A sweeping court endorsement of marriage rights seems unlikely. But by striking down a key section of the federal Defense of Marriage Act - the indefensible 1996 law signed by President Bill Clinton, who now opposes it - the justices could advance equality at least incrementally.
The Obama administration has declared the act unconstitutional but continues to enforce it while it's under court consideration. That means same-sex couples are being denied more than 1,100 federal benefits provided to their opposite-sex counterparts, such as Social Security survivor payments and inheritance-tax reprieves. It's time legally married gay and straight Americans were treated equally under the law.

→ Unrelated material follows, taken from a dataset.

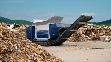 - Mobile, powerful and compact single-shaft shredder with wet-running safety clutch

In the other case before the court last week, former U.S. Solicitor General Ted Olsen made a strong argument that California's Proposition 8, which defines marriage as being between a man and a woman, should be overturned. Olson argued that it "walls off gays and lesbians from marriage, the most important relation in life."
Olson wants the court to find that same-sex couples nationwide have the right to marry. Currently, only nine states and the District of Columbia allow gay marriage. Another handful, including New Jersey, permit civil unions, but studies show such relationships are treated as inferior to marriage.
The country's views on same-sex marriage have evolved quickly in recent years, though perhaps not as quickly as advocates would like. A recent Washington Post-ABC News poll found that public support for gay marriage has reached an all-time high of 58 percent, up 21 percentage points over the last decade. And President Obama himself abandoned his opposition to gay marriage last year.
These shifts are making the legal questions more urgent and their answers more obvious. In the long run, while religious rights also must be protected, same-sex couples simply can't be denied the same civil rights as others.